In our new series we took a well-known point (Deák square) and we will show you how to get from here to the main attractions of Budapest. And we will also tell why that will be good for you. Second part is coming!
After last week’s Citadella, now we show you how to get to the Buda Castle, which is probably the most visited monument in Budapest. Let’s see the details. As regards the approach there will be a lot of similarities to the previous part, especially since the Castle is in the same part of the city than the Citadel.
So: we can choose
a) Taxi. It still goes wherever you want it to, it still shows what you want to see, but there is still a good chance that the driver will show you even the northeast agglomeration. But be aware: the Castle District area is closed to vehicle traffic so the taxi won’t be able to take you to the gate.

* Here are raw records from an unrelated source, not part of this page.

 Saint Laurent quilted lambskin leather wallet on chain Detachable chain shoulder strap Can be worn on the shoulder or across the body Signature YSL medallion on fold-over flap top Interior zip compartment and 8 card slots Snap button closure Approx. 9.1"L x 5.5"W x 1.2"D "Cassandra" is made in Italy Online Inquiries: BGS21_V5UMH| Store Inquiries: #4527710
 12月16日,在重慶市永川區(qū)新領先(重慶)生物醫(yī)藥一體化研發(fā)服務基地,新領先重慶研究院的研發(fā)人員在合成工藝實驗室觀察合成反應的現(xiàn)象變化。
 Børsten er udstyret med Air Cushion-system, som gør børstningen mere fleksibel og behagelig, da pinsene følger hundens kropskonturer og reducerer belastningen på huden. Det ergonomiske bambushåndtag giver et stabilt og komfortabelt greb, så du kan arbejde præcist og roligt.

b) Just as the Citadella, the Buda Castel is in the picturesque hills of Buda, so a walk could be a nice program. According to google maps, it’s less than a half an hour, exactly 2 km. During this half-hour we walk through the Chain Bridge and it also contains a little hiking on the hill.

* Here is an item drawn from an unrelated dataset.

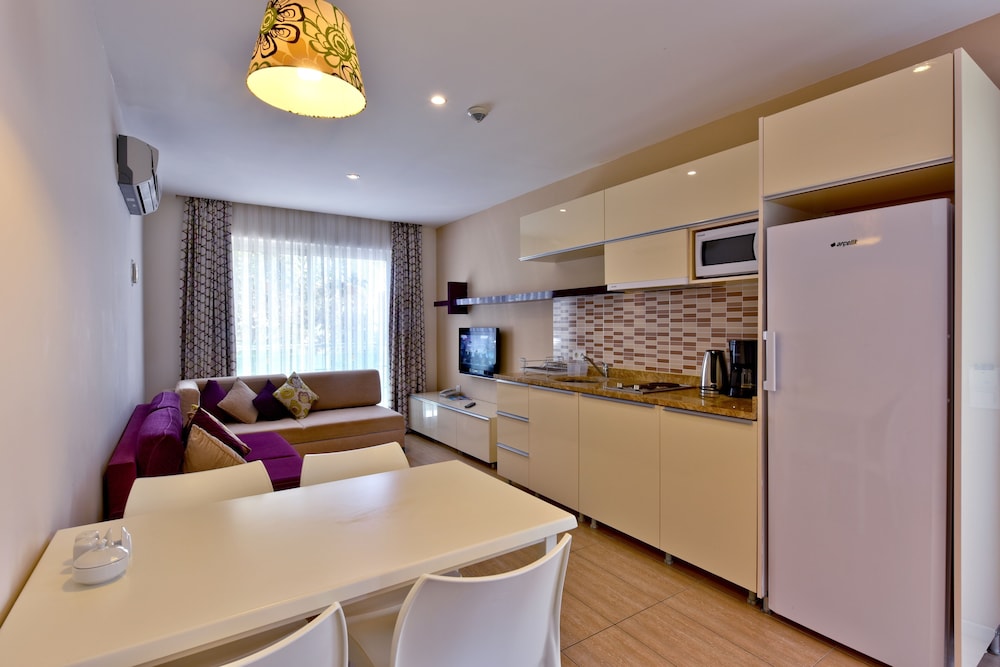 Alanya Aquapark ja Kleopatran ranta sijaitsevat 15 minuutin ajomatkan päässä majoituspaikasta. Tämä huoneistohotelli sijaitsee 0,7 km:n päässä kohteesta Alanyum-ostoskeskus ja 1 km:n päässä kohteesta Atatürkin talo. Tässä majoituspaikassa on 52 viihtyisää ja ilmastoitua huonetta. Huoneiden varusteluun kuuluu muun muassa keittonurkkaus, jossa on liesi ja astianpesukone. Mukavuuksiin kuuluu LCD-televisio ja satelliittikanavat. Käytössäsi on myös ilmainen langaton internetyhteys. Huoneissa on tallelokero ja kahvin-/vedenkeitin. Etäisyydet pyöristetään lähimpään 0,1 mailiin ja kilometriin.
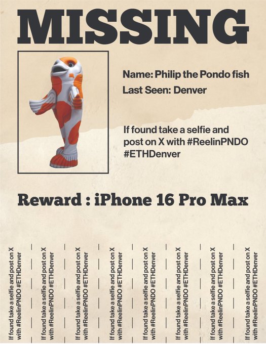 MISSING: PHILIP THE PONDO FISH 🚨 Last seen wandering around Denver looking for alpha and sushi. 🍣👀 If found, please take a selfie and post on X with #ReelinPNDO and #ETHDenver 👀 REWARD: iPhone 16 Pro Max 🤑

c) Hop on - hop off bus: If your desire is a real tourist experience, try the hop on hop off buses, such as this or this. These sightseeing buses circulate in the city and all have Buda Castle as a stop.

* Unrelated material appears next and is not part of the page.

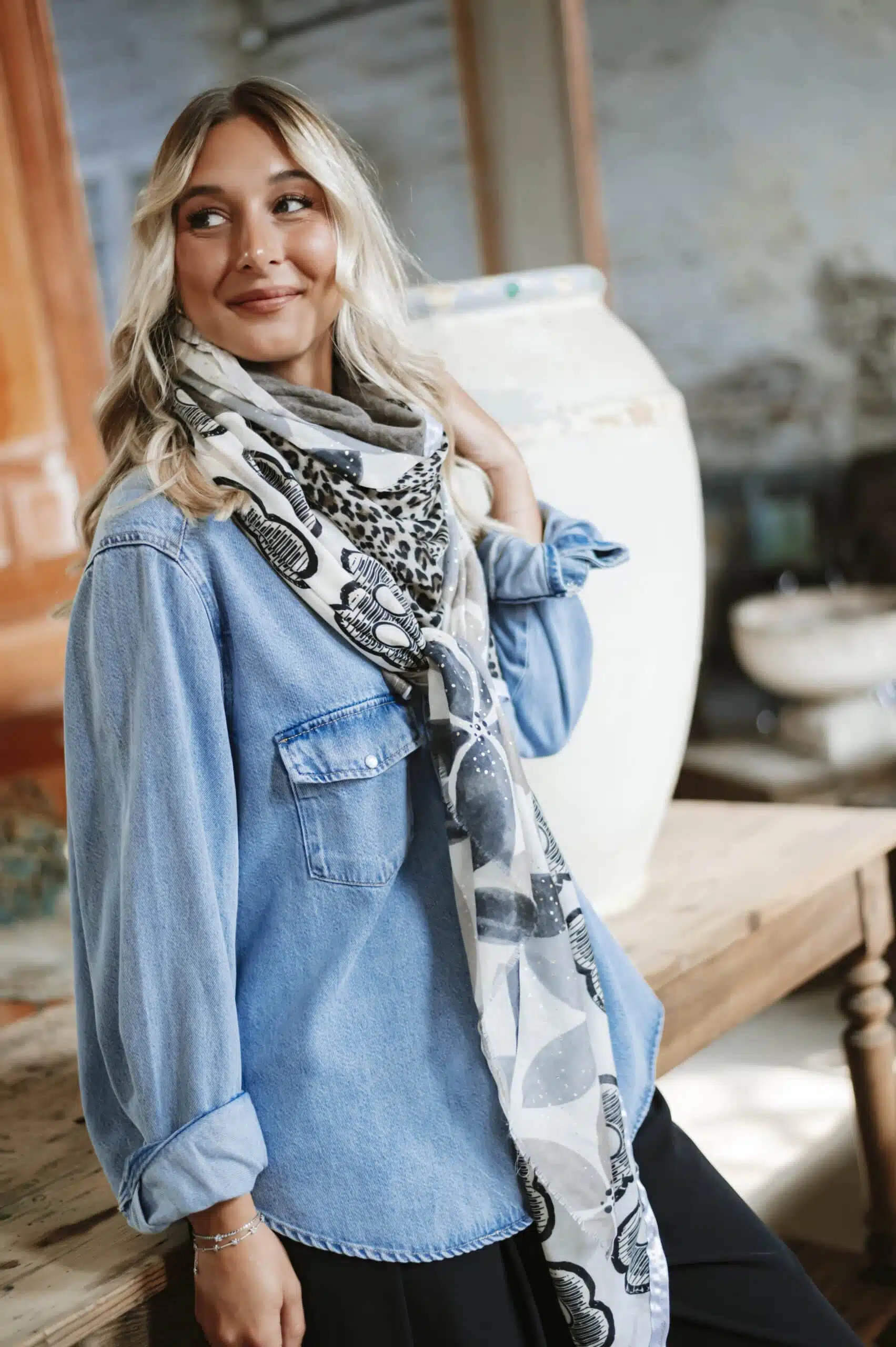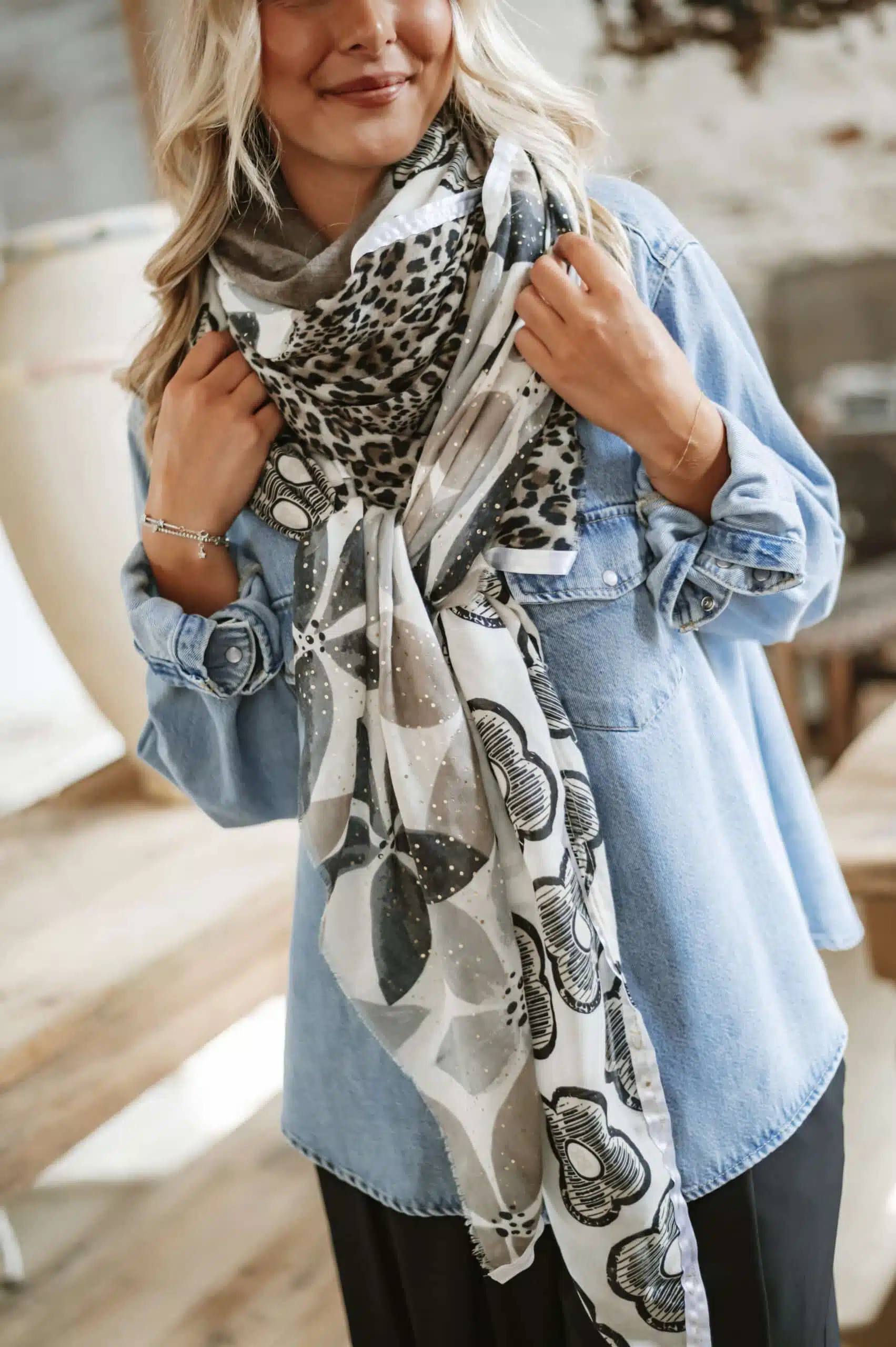 Le foulard Shanna est un assemblage de 4 morceaux de tissus différents, agrémenté de rubans décoratifs et assortis. Le carré Shanna Automne/hiver 2025 est moelleux, et agréable à porter. Il vous accompagnera en début de saison pour apporter couleurs et luminosité à vos tenues et il vous tiendra chaud les soirées d’hiver.

d) BKV: The easiest way is bus 16 and 16A which goes directly from Deák Ferenc square and has a stop at the Castle (Szentháromság tér). A more interesting approach is to take the end of the road with “Budavári Sikló” (Budapest Castle Hill Funicular) straight up to the Castle. Otherwise, to Clark Ádám Square, from where the Funicular leaves, we can get to with the mentioned or the 105 bus.
photo:static.panoramio.com (Panoramic view from the Funicular)
It’s good to know about the Castle itself and the surrounding area that there are three main parts of the Buda Castle Quarter: the Buda Castle, the St. George's Square and the historical residential district. The construction of the castle began in 1243 and in 1255 Bela IV has mentioned it as an already built fortress in a document. There was some turning points in the history of the Buda Castle, for example when Sultan Suleiman conquered it by trickery on 29 August 1541, and also when during the World War II a significant part of the Royal Palace was destroyed. The major part of the buildings was rebuilt in the 1960s close to their original form or got a new, simpler design facade, which caused a lot of criticism of the Buda Castle. (By the way, the reconstruction of Castle Hill will be one of the most important tasks of the coming years.)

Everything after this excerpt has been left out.